- [YOUR OBJECTIVE]: For the entries that follow, retype exactly the lines from the one containing "まとめ:フリーランス副業確定申告は所得20万円超で必須" to the one containing "Temptress is a", inclusive, and only those. Images stay out of the copy.

--- INPUT DATA Enclosed Below ---

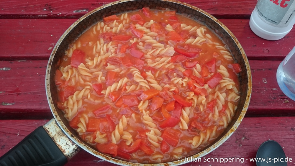 Falls du Zwiebeln und/oder Knoblauch verwenden willst, solltest du diese kurz (2-3 Minuten) in etwas Öl anschwitzen. Danach gibst du die Nudeln mit der Tomatensauce dazu, verrührst einmal alles kurz und füllst dann soviel Wasser auf, bis die Nudeln vom Wasser bedeckt sind. Wenn du zusätzlich Gemüse verwenden willst, kannst du dieses gewürfelt mit zu den Nudeln geben. (Je härter das Gemüse, desto kleiner solltest du es schneiden damit es in etwa die gleiche Garzeit hat wie der Rest des Essens.) Etwas Salz, Pfeffer und wenn du hast eine Prise Zucker (Lebensmittel die eine gewisse Säure haben wie zB. Tomaten, schmecken mit etwas Zucker intensiver!) dazu. Jetzt lässt du alles mit Deckel köcheln bis das Wasser verkocht ist. Zwischendurch immer mal wieder umrühren. Sollten die Nudeln noch zu hart sein einfach noch etwas Wasser ergänzen. Nach ca. 10 Minuten sollte alles fertig sein. Guten Appetit.
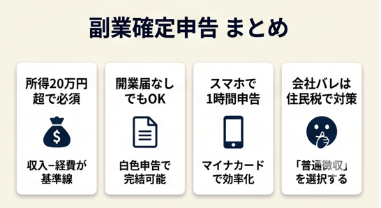 まとめ:フリーランス副業確定申告は所得20万円超で必須
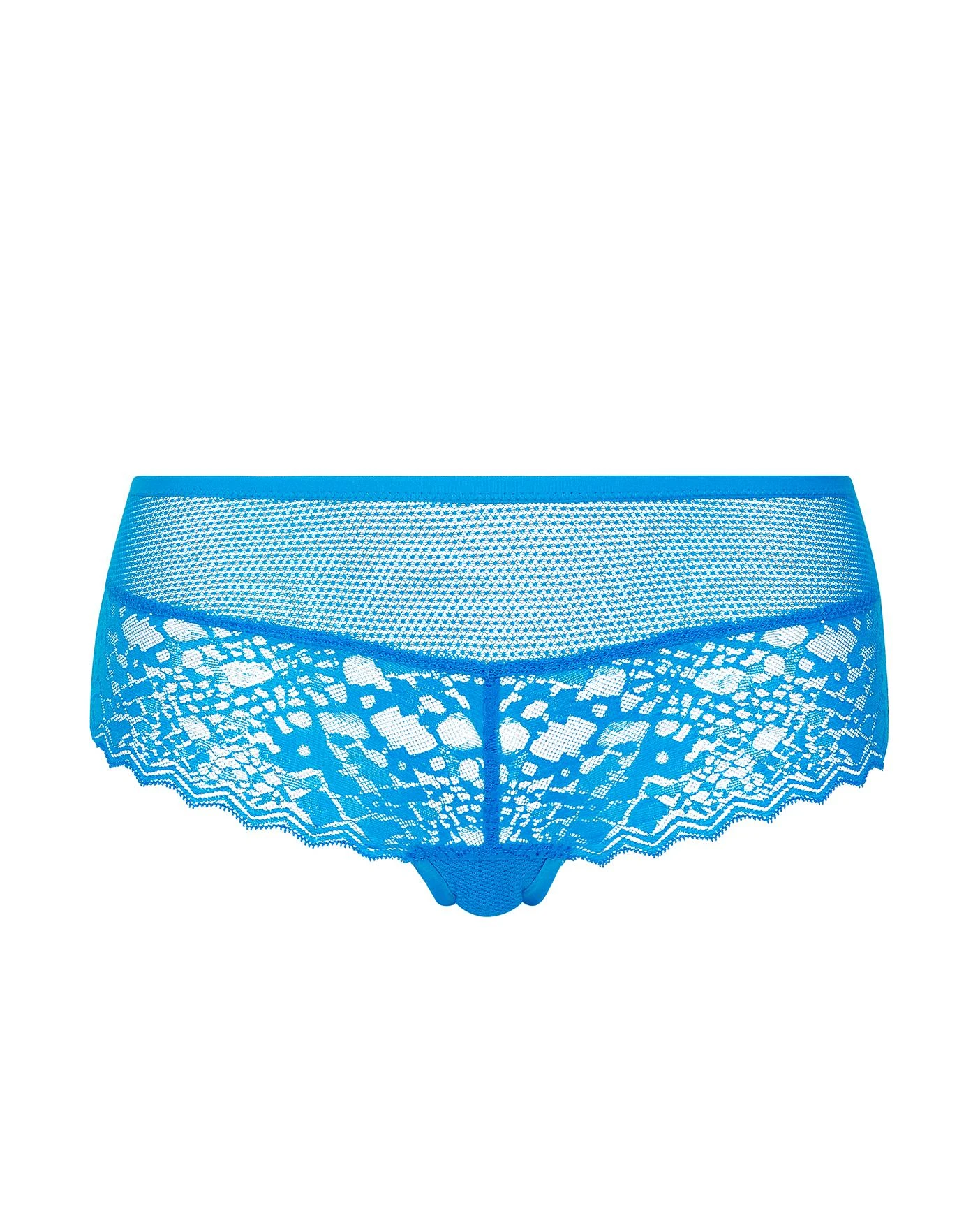 Temptress is a collection that is worn to be seen. A contemporary geometric lace accents all pieces for a flirty, feminine look. The short has an on-trend low rise styling and decorative mesh lace. Scallop lace back for a no visible panty line for minimal show through under clothing. Strappy keyhole detail at centre back with gold slider. Keyhole centre back detail with strapping through a gold slider.
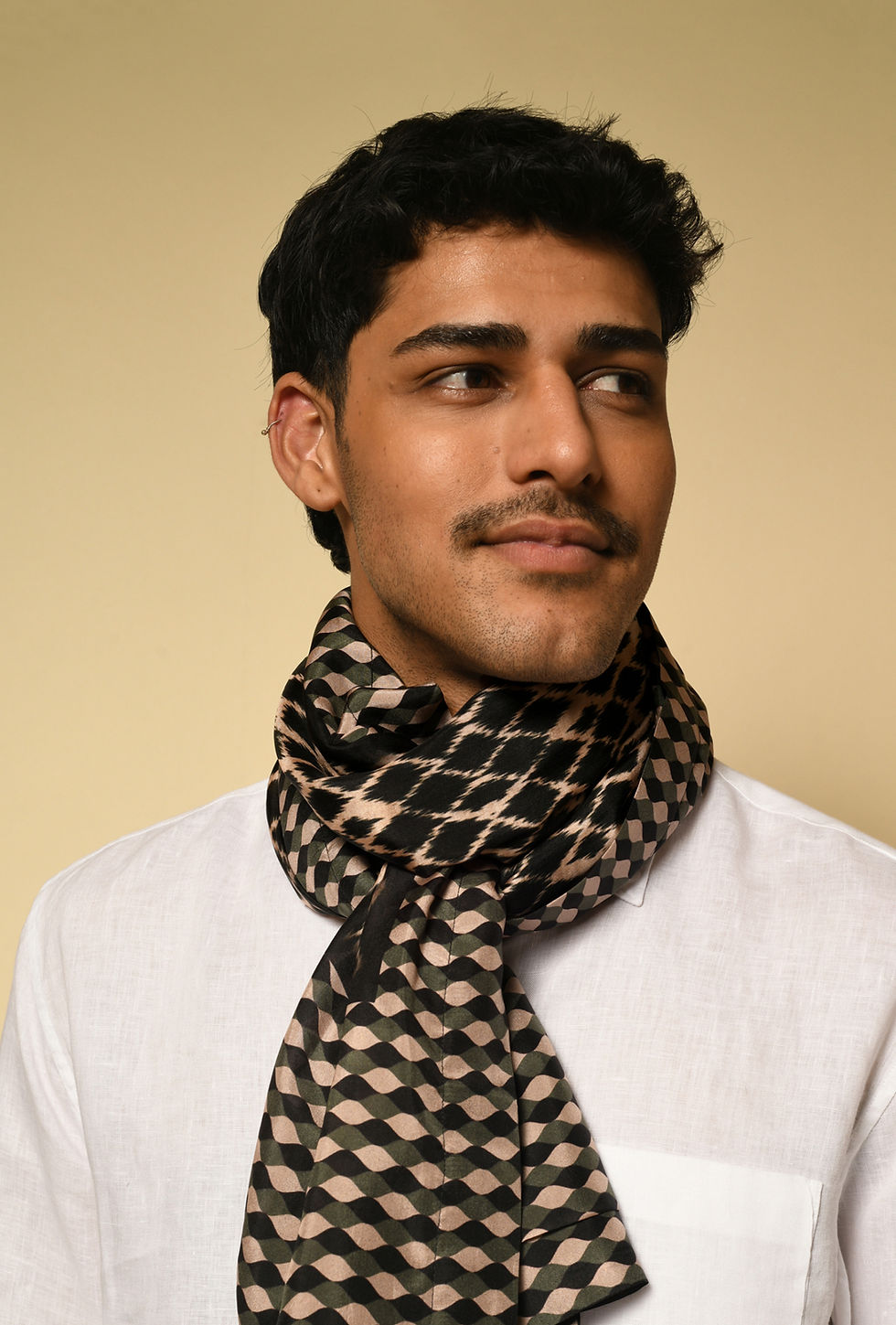 Our Bikaner kaftan is free-flowing, lounge wear, in pure habutai silk -- inspired by geometrics and ikat weaves in shades of deep red, black, and white. Whether worn at home, on slow travels, or styled for an evening gathering, it is a piece that carries both vibrancy and ease, designed to move across spaces with quiet confidence.
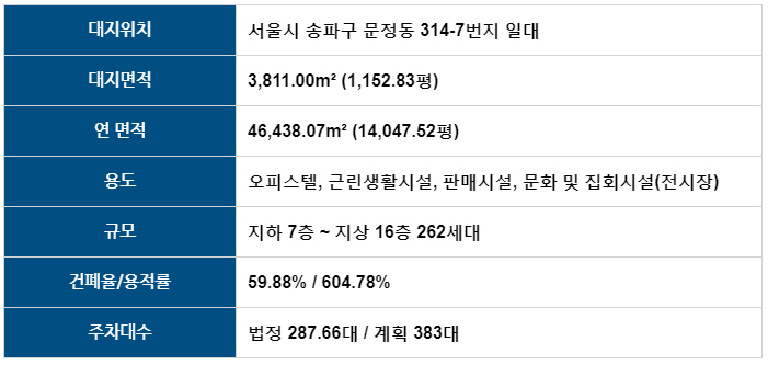- 지하철 8호선 문정역 도보 6분거리 (약 340m) 위치로 업무권역 (GBD) 10분대 진입가능
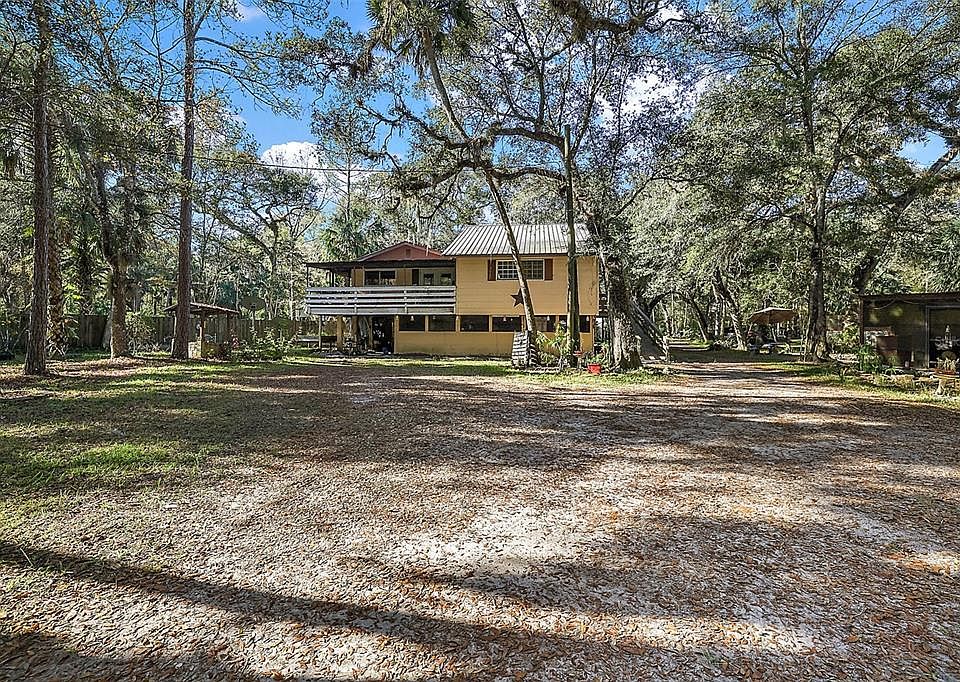 Escape to this two-acre secluded sanctuary nestled within the heart of Old Florida near the Withlacoochee River. Enveloped by the lush landscape, this residence unveils a spacious upper floor, with the primary bedroom positioned to the right upon entry. The bedroom boasts a walk-in closet and a private bathroom featuring a walk-in shower. Adjacent to the dining room, a porch offers a vantage point to survey the front yard. The kitchen is equipped with a generous pantry/storage room for all of your cooking gadgets and groceries. A guest bedroom, bathroom and storage closet finds its place adjacent to the kitchen. The ground floor unveils a multifunctional space, featuring a storage room and a bedroom/bathroom combination that could serve as an in-law suite. The property allows for many functions with a storage shed and animal pens readily available for use. Schedule your private showing today!
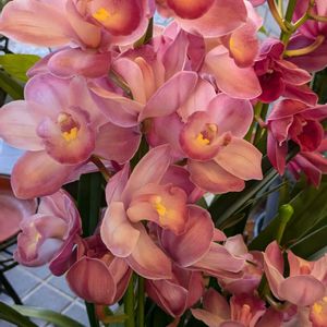 今日は暖かい日でした。 喫茶店のホールの片隅にて シンビジューム
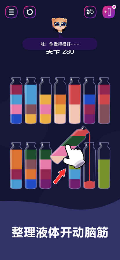 轻松解压的颜色分类游戏,考验你的逻辑思维,超有趣超解压,强迫症患者福音! 【游戏玩法】 点击选择一支试管,将其中的颜料倒入另一支试管内。当每支试管都被相同颜色的颜料装满时即可通关。 需要注意的是:只有顶层颜料的颜色相同并且试管有内有足够的容量时才能将颜料倒入试管 【游戏特点】 画风清新简约,玩法益智解压 操作简单,随时随地,想玩就玩 众多关卡,游戏难度逐渐增大 快来成为最强大脑吧!
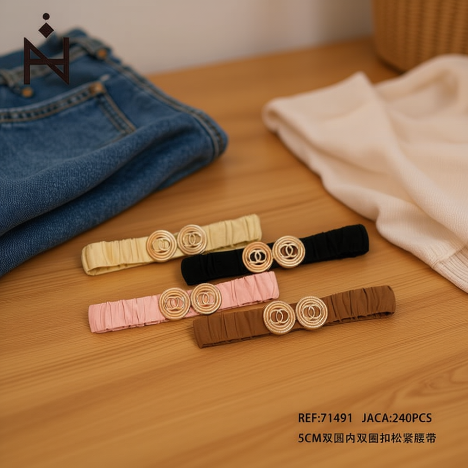 5Cm Double Round Inner Double Loop Elastic Waistband Cinturones

--- End of Enclosed INPUT DATA ---

- [YOUR RESPONSE]:
 まとめ:フリーランス副業確定申告は所得20万円超で必須
 Temptress is a collection that is worn to be seen. A contemporary geometric lace accents all pieces for a flirty, feminine look. The short has an on-trend low rise styling and decorative mesh lace. Scallop lace back for a no visible panty line for minimal show through under clothing. Strappy keyhole detail at centre back with gold slider. Keyhole centre back detail with strapping through a gold slider.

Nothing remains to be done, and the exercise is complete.